BEGIN PROVIDED ENTRIES

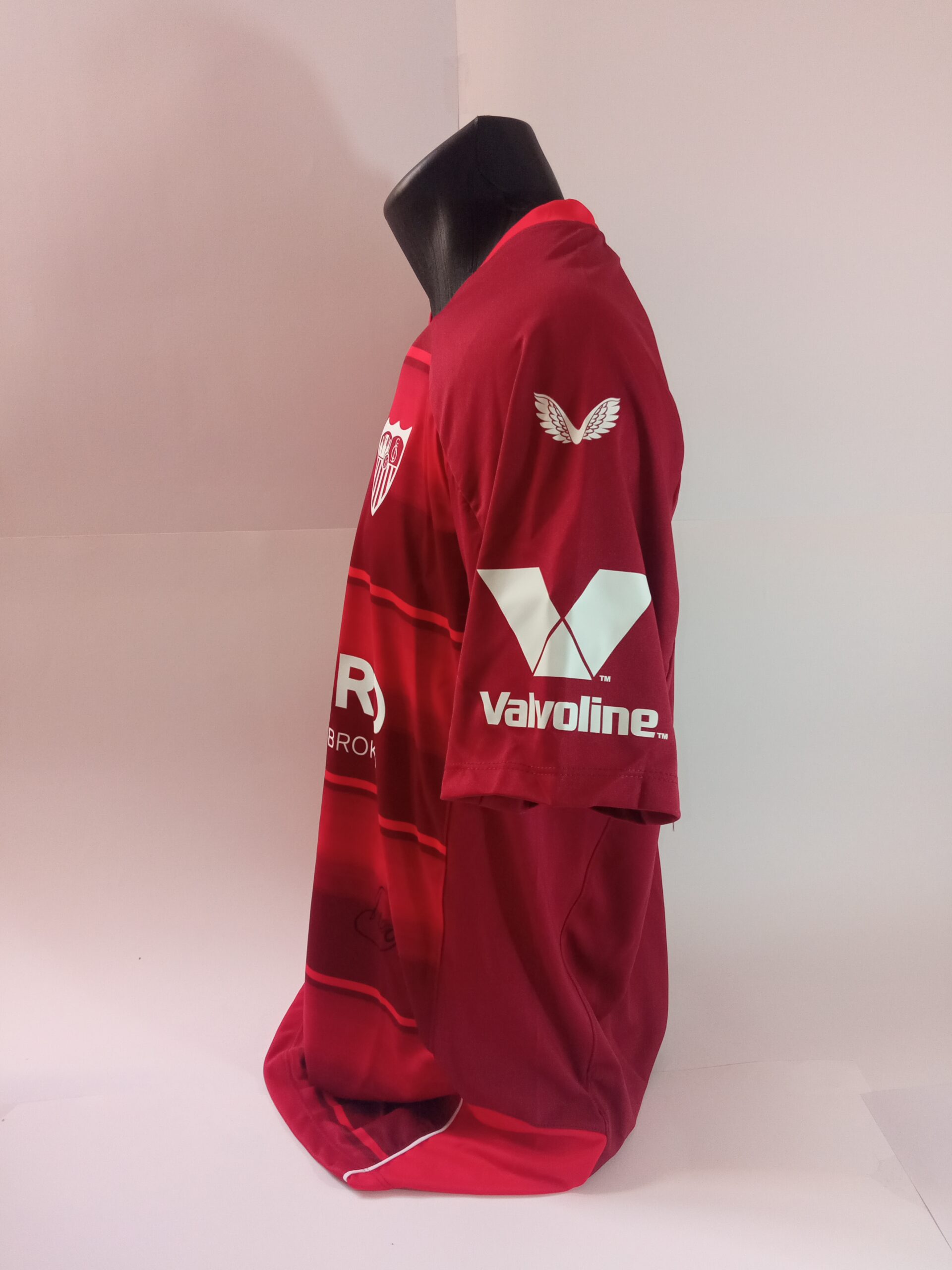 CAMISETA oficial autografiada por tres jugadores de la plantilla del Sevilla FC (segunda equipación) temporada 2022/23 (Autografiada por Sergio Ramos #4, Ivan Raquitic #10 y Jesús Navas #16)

END PROVIDED ENTRIES
BEGIN PROVIDED ENTRIES

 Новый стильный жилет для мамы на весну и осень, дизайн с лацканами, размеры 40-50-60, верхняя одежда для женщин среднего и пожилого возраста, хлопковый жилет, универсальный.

END PROVIDED ENTRIES
BEGIN PROVIDED ENTRIES

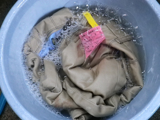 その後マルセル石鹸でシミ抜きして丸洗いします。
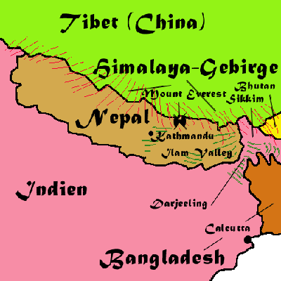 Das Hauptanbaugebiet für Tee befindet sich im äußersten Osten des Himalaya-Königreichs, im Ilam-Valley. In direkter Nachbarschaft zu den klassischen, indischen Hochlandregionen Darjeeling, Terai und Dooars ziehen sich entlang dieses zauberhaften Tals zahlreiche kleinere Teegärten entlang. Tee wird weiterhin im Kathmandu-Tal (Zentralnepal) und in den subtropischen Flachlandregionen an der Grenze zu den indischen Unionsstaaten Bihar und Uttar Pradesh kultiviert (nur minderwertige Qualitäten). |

END PROVIDED ENTRIES

AIM OF THE EXERCISE ▸
In the listing above, find the line with "その後マルセル石鹸でシミ抜きして丸洗いします。" and the line with "Das Hauptanbaugebiet für". Transcribe those two and everything between, exactly, leaving out pictures.

WRITTEN RESPONSE ▸
 その後マルセル石鹸でシミ抜きして丸洗いします。
 Das Hauptanbaugebiet für Tee befindet sich im äußersten Osten des Himalaya-Königreichs, im Ilam-Valley. In direkter Nachbarschaft zu den klassischen, indischen Hochlandregionen Darjeeling, Terai und Dooars ziehen sich entlang dieses zauberhaften Tals zahlreiche kleinere Teegärten entlang. Tee wird weiterhin im Kathmandu-Tal (Zentralnepal) und in den subtropischen Flachlandregionen an der Grenze zu den indischen Unionsstaaten Bihar und Uttar Pradesh kultiviert (nur minderwertige Qualitäten). |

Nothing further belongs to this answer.